Multiple Sklerose (MS) ist eine chronisch-entzündliche Erkrankung des zentralen Nervensystems, die durch ein Fehlverhalten der körpereigenen Abwehrzellen ausgelöst wird. Diese Krankheit betrifft hauptsächlich junge Erwachsene und manifestiert sich durch vielfältige neurologische Symptome. Weltweit gibt es fast drei Millionen Menschen mit MS, über 280.000 davon in Deutschland. Frauen sind häufiger betroffen als Männer, und zwar im Verhältnis 2:1.
Ursachen der Multiplen Sklerose
Die genauen Ursachen der Multiplen Sklerose sind bis heute nicht vollständig geklärt. Es handelt sich um eine Autoimmunerkrankung, bei der das Immunsystem fälschlicherweise die Myelinscheiden der Nervenfasern im Gehirn und Rückenmark angreift. Fachleute gehen davon aus, dass bei bestehender genetischer Veranlagung in früher Kindheit ein Krankheitsprozess ausgelöst wird. Dieser kann folgenlos bleiben oder durch äußere Umwelteinflüsse zum vollständigen Ausbruch der Krankheit führen.

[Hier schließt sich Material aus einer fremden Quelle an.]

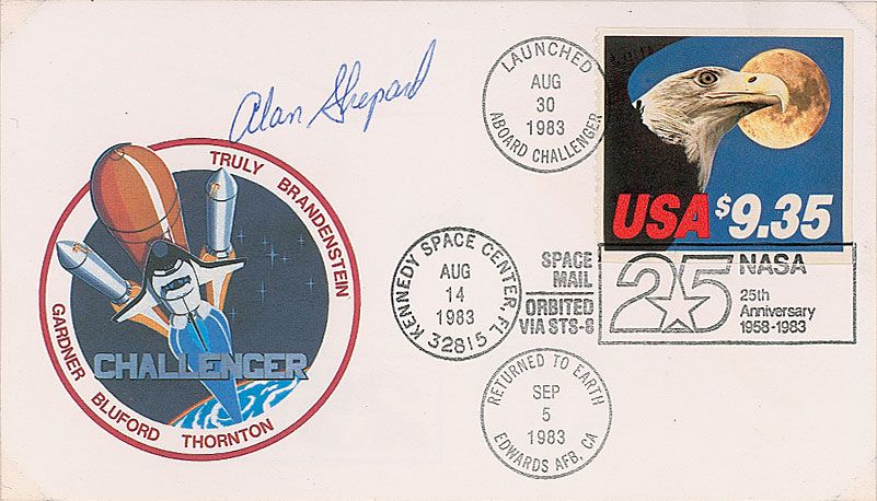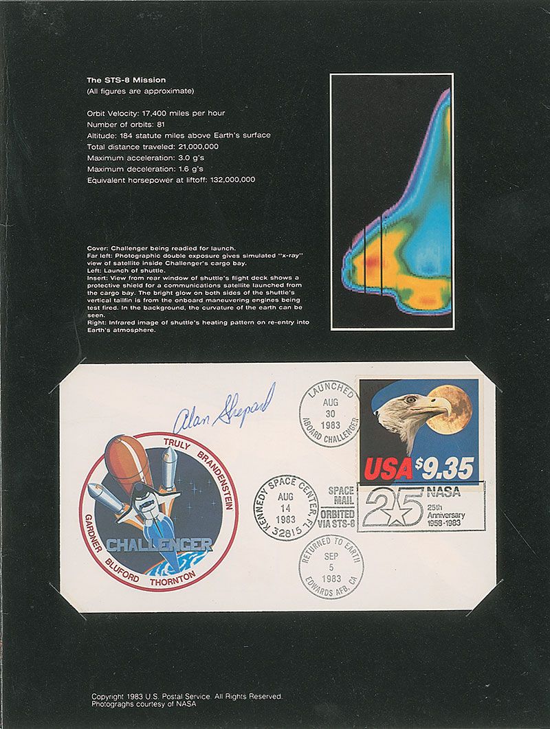 Flown cover with a cachet honoring the STS-8 Challenger mission, flown in orbit during STS-8 from August 30 to September 5, 1983, signed in blue ballpoint by Alan Shepard. Displayed in its original 8.5 x 11 NASA/USPS presentation folder. In fine condition.

Es werden jedoch langsam wirkende Einflüsse nach durchgemachten Infektionen (z. B. Virusinfektionen) verantwortlich gemacht. Menschen, die die ersten Jahre ihres Lebens in Äquatornähe verbringen, haben nahezu eine Sicherheit, im späteren Leben nicht an Multipler Sklerose zu erkranken. Eine Ursache hierfür ist nach wie vor nicht bekannt.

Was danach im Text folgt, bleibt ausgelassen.